─── Dataset content

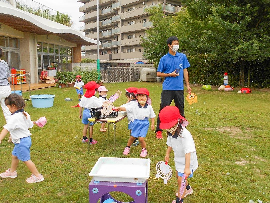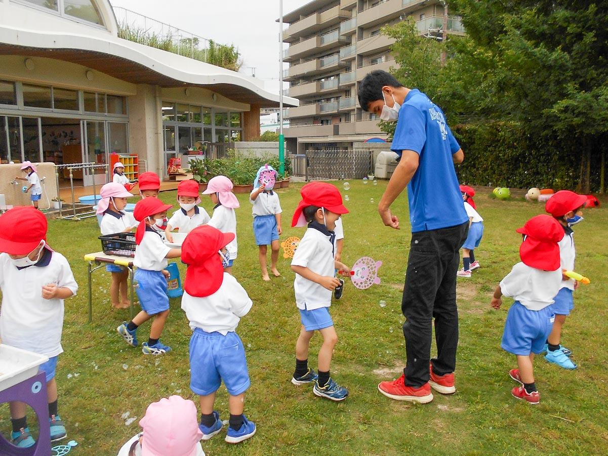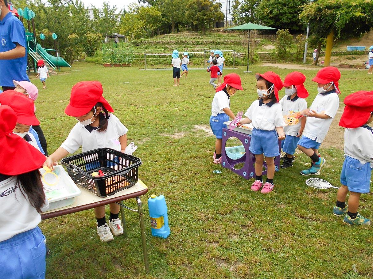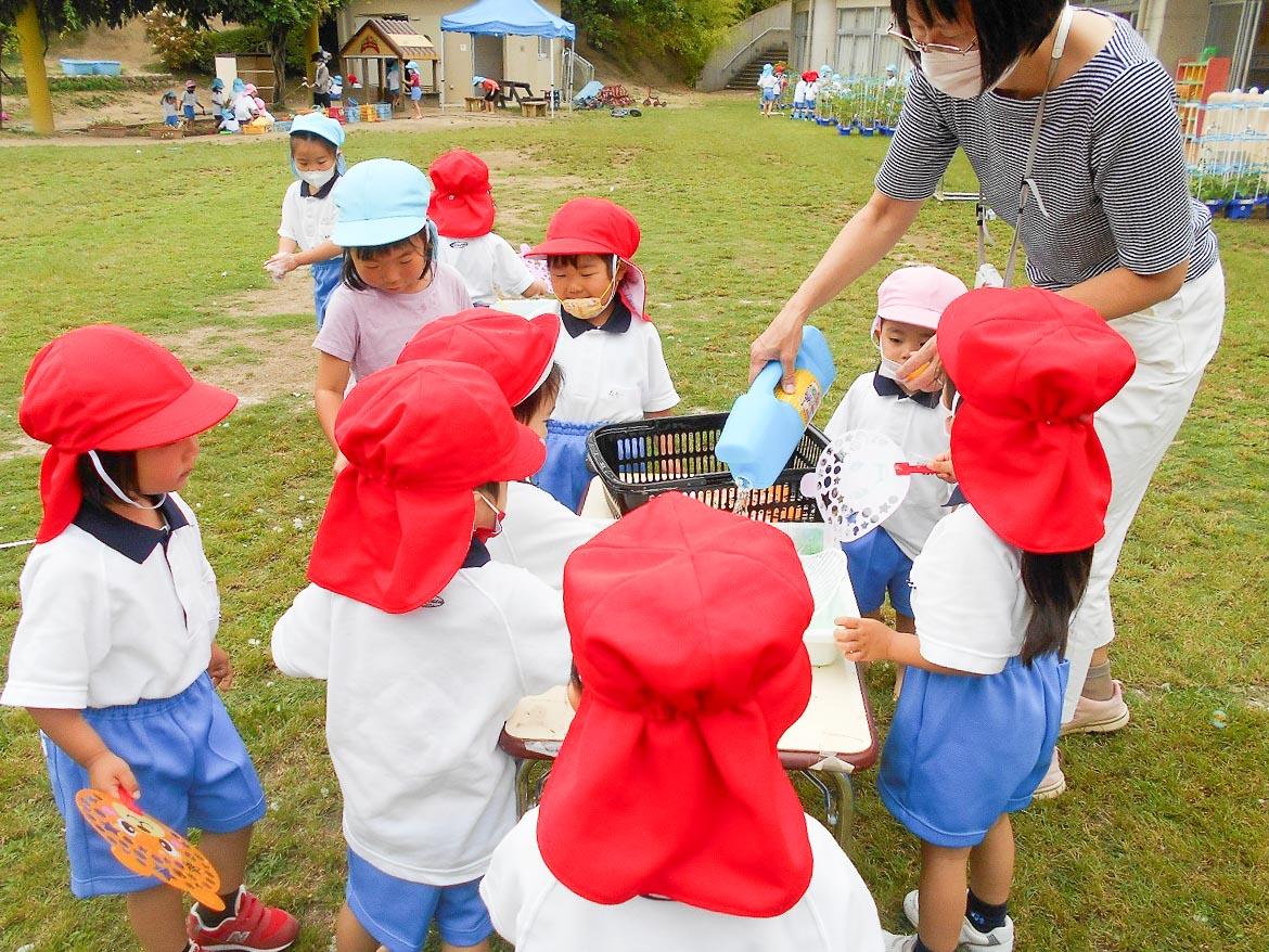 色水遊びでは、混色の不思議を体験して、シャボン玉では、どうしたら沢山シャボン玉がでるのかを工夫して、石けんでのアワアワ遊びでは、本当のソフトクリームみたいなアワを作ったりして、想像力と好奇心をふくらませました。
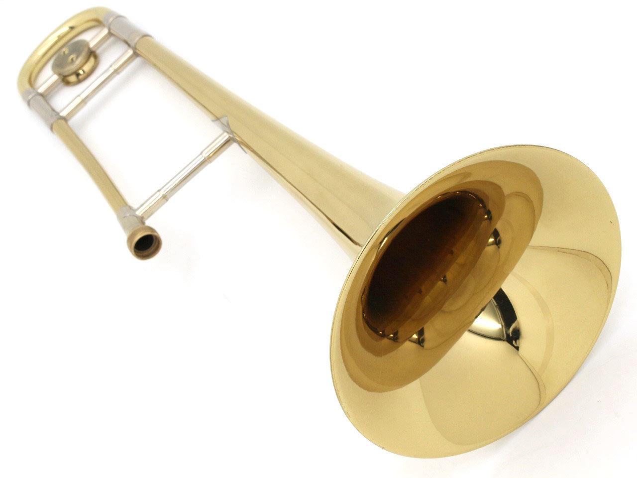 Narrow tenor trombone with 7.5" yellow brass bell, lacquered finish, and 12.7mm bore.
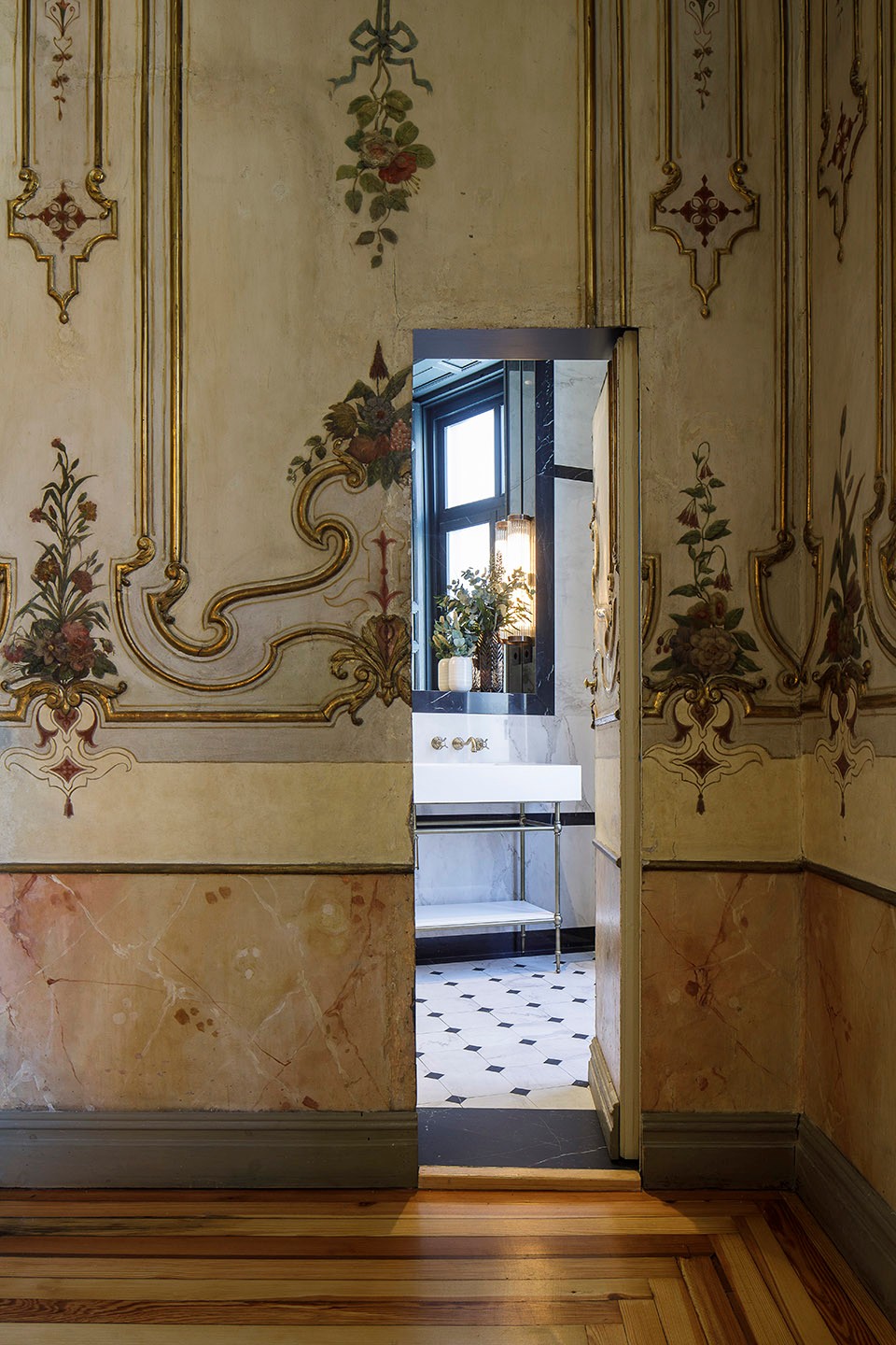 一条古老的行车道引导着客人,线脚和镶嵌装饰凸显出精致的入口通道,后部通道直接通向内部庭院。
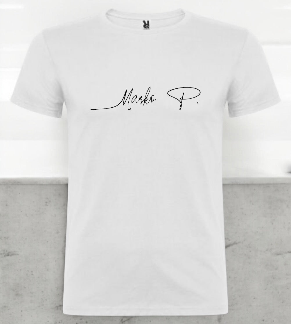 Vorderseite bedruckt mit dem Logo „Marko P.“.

──────

_Directions for this task_: Pictures are to be dropped, and the remaining data set down exactly.

_Reply_:
 色水遊びでは、混色の不思議を体験して、シャボン玉では、どうしたら沢山シャボン玉がでるのかを工夫して、石けんでのアワアワ遊びでは、本当のソフトクリームみたいなアワを作ったりして、想像力と好奇心をふくらませました。
 Narrow tenor trombone with 7.5" yellow brass bell, lacquered finish, and 12.7mm bore.
 一条古老的行车道引导着客人,线脚和镶嵌装饰凸显出精致的入口通道,后部通道直接通向内部庭院。
 Vorderseite bedruckt mit dem Logo „Marko P.“.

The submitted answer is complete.